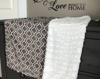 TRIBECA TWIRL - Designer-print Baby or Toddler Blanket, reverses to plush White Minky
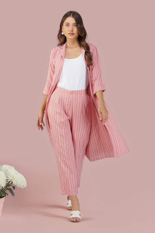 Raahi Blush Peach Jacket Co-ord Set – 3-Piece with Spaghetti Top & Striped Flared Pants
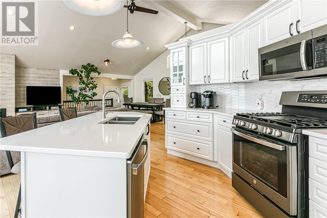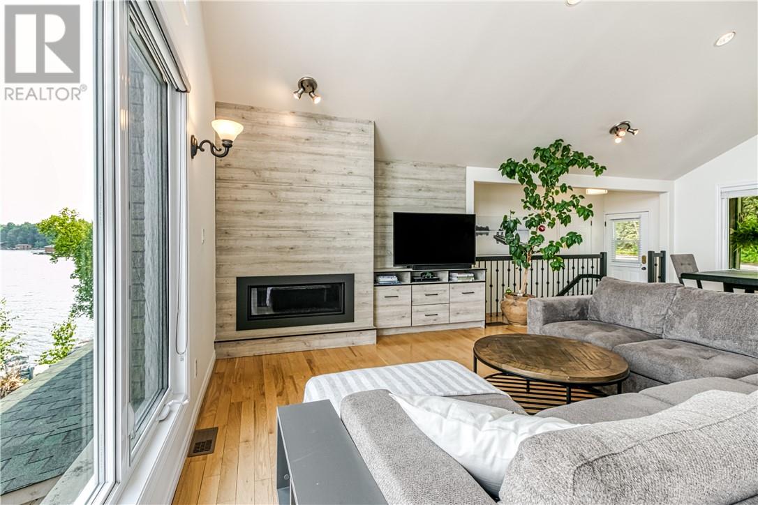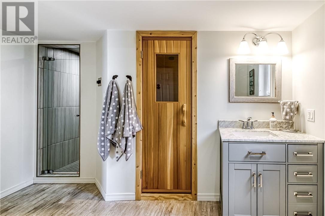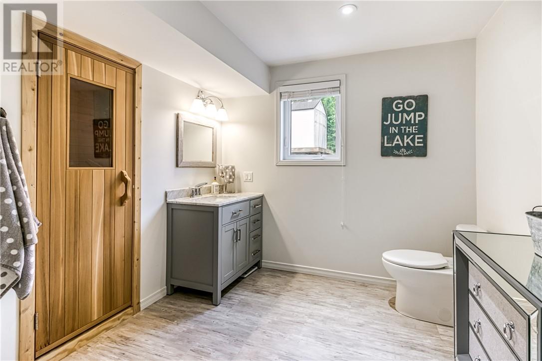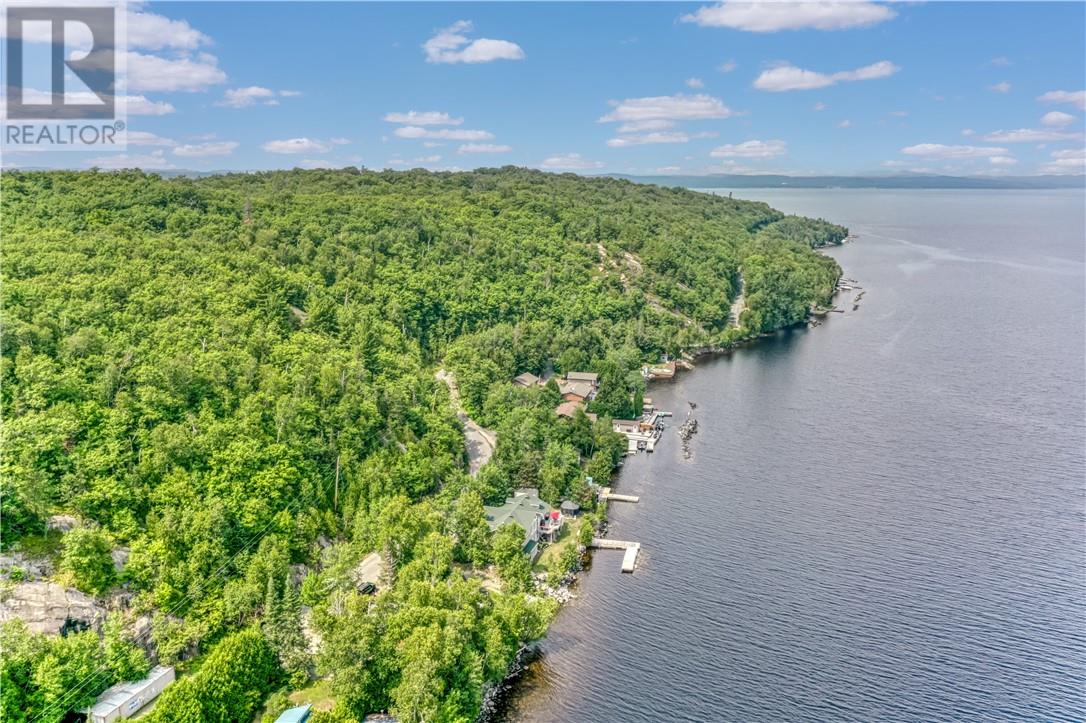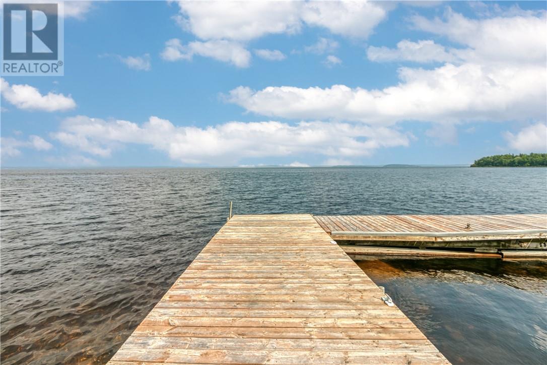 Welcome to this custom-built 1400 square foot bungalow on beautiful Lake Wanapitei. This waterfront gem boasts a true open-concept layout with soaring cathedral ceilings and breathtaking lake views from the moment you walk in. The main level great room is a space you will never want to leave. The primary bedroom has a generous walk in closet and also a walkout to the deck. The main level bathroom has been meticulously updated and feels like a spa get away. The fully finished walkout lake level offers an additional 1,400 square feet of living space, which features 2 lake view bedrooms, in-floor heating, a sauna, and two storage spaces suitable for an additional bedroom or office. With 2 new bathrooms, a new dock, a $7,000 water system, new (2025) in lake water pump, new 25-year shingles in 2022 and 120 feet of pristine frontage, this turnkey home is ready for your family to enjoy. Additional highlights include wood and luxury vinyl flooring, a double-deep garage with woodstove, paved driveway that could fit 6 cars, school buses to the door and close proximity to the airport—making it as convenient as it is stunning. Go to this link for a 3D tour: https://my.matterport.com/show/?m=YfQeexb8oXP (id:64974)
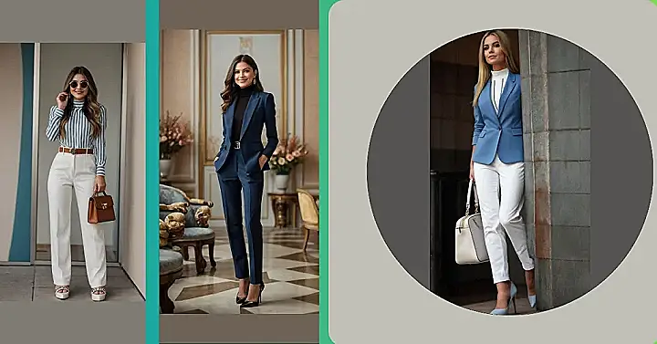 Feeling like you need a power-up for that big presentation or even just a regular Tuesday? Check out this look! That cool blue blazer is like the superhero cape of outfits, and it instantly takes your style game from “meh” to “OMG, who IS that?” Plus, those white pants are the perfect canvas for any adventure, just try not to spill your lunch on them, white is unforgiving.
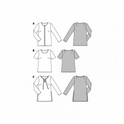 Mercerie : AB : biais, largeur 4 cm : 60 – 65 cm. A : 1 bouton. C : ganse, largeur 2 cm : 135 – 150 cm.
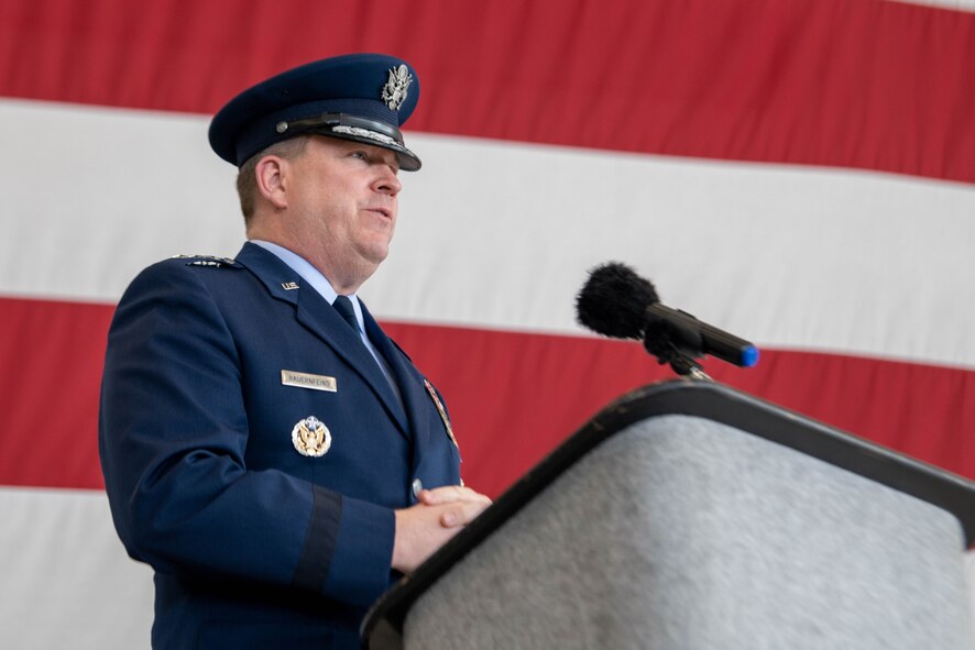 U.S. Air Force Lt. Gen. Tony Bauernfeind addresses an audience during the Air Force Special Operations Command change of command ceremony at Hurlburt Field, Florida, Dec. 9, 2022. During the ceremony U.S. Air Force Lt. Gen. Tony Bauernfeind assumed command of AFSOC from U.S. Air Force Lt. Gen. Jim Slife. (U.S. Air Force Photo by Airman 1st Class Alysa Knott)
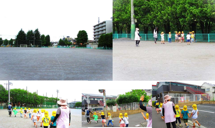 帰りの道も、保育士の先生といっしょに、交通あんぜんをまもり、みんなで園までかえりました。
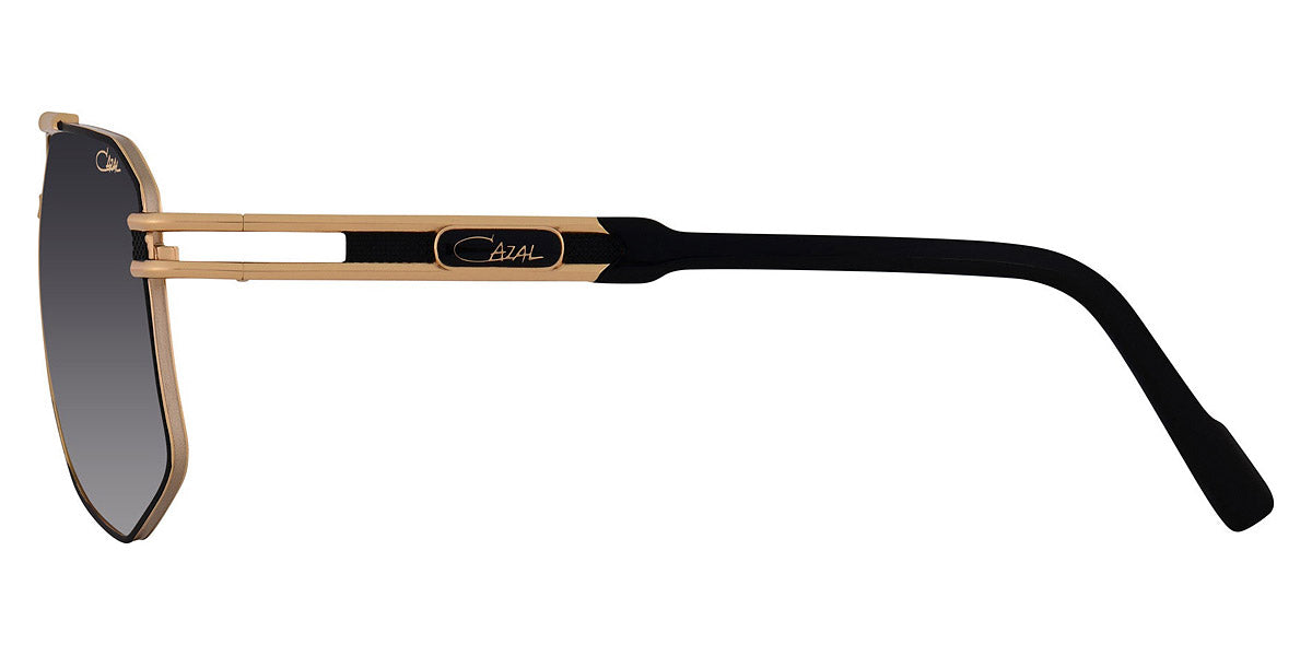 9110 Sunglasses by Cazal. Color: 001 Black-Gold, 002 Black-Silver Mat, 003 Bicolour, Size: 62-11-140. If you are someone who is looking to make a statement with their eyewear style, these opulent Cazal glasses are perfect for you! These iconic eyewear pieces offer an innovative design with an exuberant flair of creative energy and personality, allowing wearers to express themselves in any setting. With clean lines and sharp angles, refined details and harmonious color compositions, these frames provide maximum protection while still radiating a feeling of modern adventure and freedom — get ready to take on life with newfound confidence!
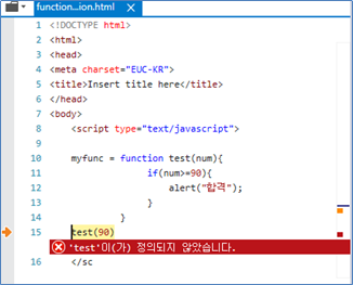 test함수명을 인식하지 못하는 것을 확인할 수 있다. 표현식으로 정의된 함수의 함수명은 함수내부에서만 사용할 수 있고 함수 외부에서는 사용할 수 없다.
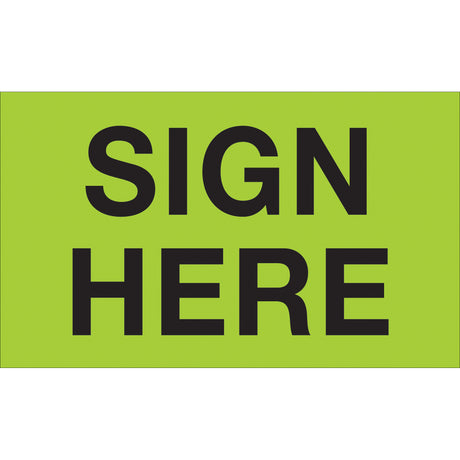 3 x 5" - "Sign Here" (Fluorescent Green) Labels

• **Work instructions**
Return the entries above in full and unchanged, omitting every image.

• **Response below**
 TRIBECA TWIRL - Designer-print Baby or Toddler Blanket, reverses to plush White Minky
 Raahi Blush Peach Jacket Co-ord Set – 3-Piece with Spaghetti Top & Striped Flared Pants
 Welcome to this custom-built 1400 square foot bungalow on beautiful Lake Wanapitei. This waterfront gem boasts a true open-concept layout with soaring cathedral ceilings and breathtaking lake views from the moment you walk in. The main level great room is a space you will never want to leave. The primary bedroom has a generous walk in closet and also a walkout to the deck. The main level bathroom has been meticulously updated and feels like a spa get away. The fully finished walkout lake level offers an additional 1,400 square feet of living space, which features 2 lake view bedrooms, in-floor heating, a sauna, and two storage spaces suitable for an additional bedroom or office. With 2 new bathrooms, a new dock, a $7,000 water system, new (2025) in lake water pump, new 25-year shingles in 2022 and 120 feet of pristine frontage, this turnkey home is ready for your family to enjoy. Additional highlights include wood and luxury vinyl flooring, a double-deep garage with woodstove, paved driveway that could fit 6 cars, school buses to the door and close proximity to the airport—making it as convenient as it is stunning. Go to this link for a 3D tour: https://my.matterport.com/show/?m=YfQeexb8oXP (id:64974)
 Feeling like you need a power-up for that big presentation or even just a regular Tuesday? Check out this look! That cool blue blazer is like the superhero cape of outfits, and it instantly takes your style game from “meh” to “OMG, who IS that?” Plus, those white pants are the perfect canvas for any adventure, just try not to spill your lunch on them, white is unforgiving.
 Mercerie : AB : biais, largeur 4 cm : 60 – 65 cm. A : 1 bouton. C : ganse, largeur 2 cm : 135 – 150 cm.
 U.S. Air Force Lt. Gen. Tony Bauernfeind addresses an audience during the Air Force Special Operations Command change of command ceremony at Hurlburt Field, Florida, Dec. 9, 2022. During the ceremony U.S. Air Force Lt. Gen. Tony Bauernfeind assumed command of AFSOC from U.S. Air Force Lt. Gen. Jim Slife. (U.S. Air Force Photo by Airman 1st Class Alysa Knott)
 帰りの道も、保育士の先生といっしょに、交通あんぜんをまもり、みんなで園までかえりました。
 9110 Sunglasses by Cazal. Color: 001 Black-Gold, 002 Black-Silver Mat, 003 Bicolour, Size: 62-11-140. If you are someone who is looking to make a statement with their eyewear style, these opulent Cazal glasses are perfect for you! These iconic eyewear pieces offer an innovative design with an exuberant flair of creative energy and personality, allowing wearers to express themselves in any setting. With clean lines and sharp angles, refined details and harmonious color compositions, these frames provide maximum protection while still radiating a feeling of modern adventure and freedom — get ready to take on life with newfound confidence!
 test함수명을 인식하지 못하는 것을 확인할 수 있다. 표현식으로 정의된 함수의 함수명은 함수내부에서만 사용할 수 있고 함수 외부에서는 사용할 수 없다.
 3 x 5" - "Sign Here" (Fluorescent Green) Labels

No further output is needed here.